Any wiki with a form of web-editing enabled will have to deal with
spam. (See the [[plugins/blogspam]] plugin for one defensive tool you
can deploy).
If:
- you are using ikiwiki to manage the website for a [[examples/softwaresite]]
- you allow web-based commits, to let people correct documentation, or report
bugs, etc.
- the documentation is stored in the same revision control repository as your
software
It is undesirable to have your software's VCS history tainted by spam and spam
clean-up commits. Here is one approach you can use to prevent this. This
example is for the [[git]] version control system, but the principles should
apply to others.
Isolate web commits to a specific branch
Create a separate branch to contain web-originated edits (named doc
in this
example):
$ git checkout -b doc
Adjust your setup file accordingly:
gitmaster_branch => 'doc',
merging good web commits into the master branch
You will want to periodically merge legitimate web-based commits back into
your master branch. Ensure that there is no spam in the documentation
branch. If there is, see 'erase spam from the commit history', below, first.
Once you are confident it's clean:
# ensure you are on the doc branch
$ git branch
doc
* master
$ git merge --ff doc
removing spam
short term
In the short term, just revert the spammy commit.
If the spammy commit was the top-most:
$ git revert HEAD
This will clean the spam out of the files, but it will leave both the spam
commit and the revert commit in the history.
erase spam from the commit history
Git allows you to rewrite your commit history. We will take advantage of this
to eradicate spam from the history of the doc branch.

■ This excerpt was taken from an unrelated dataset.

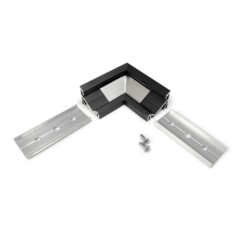 Łącznik wykonany z aluminium anodowanego w kolorze czarnym, służący do łączenia kątowego (90°) profilu aluminiowego LED CORNER14. Wyrób stanowi doskonałe rozwiązanie, gdzie konieczne jest połączenie dwóch profili aluminiowych w kąt prosty. To idealna alternatywa zwiększająca zakres montażu profilu aluminiowego LED. Produkt dzięki dołączonym łącznikom "T" oraz wkrętom pozwala na łatwy, szybki i stabilny montaż.

This is a useful tool, but it is considered bad practise to rewrite the
history of public repositories. If your software's repository is public, you
should make it clear that the history of the doc
branch in your repository
is unstable.
Once you have been spammed, use git rebase
to remove the spam commits from
the history. Assuming that your doc
branch was split off from a branch
called master
:
# ensure you are on the doc branch
$ git branch
* doc
master
$ git rebase --interactive master
In your editor session, you will see a series of lines for each commit made to
the doc
branch since it was branched from master
(or since the last merge
back into master
). Delete the lines corresponding to spammy commits, then
save and exit your editor.
Caveat: if there are no commits you want to keep (i.e. all the commits since
the last merge into master are either spam or spam reverts) then git rebase
will abort. Therefore, this approach only works if you have at least one
non-spam commit to the documentation since the last merge into master
. For
this reason, it's best to tackle spam with reverts until you have at least one
commit you want merged back into the main history.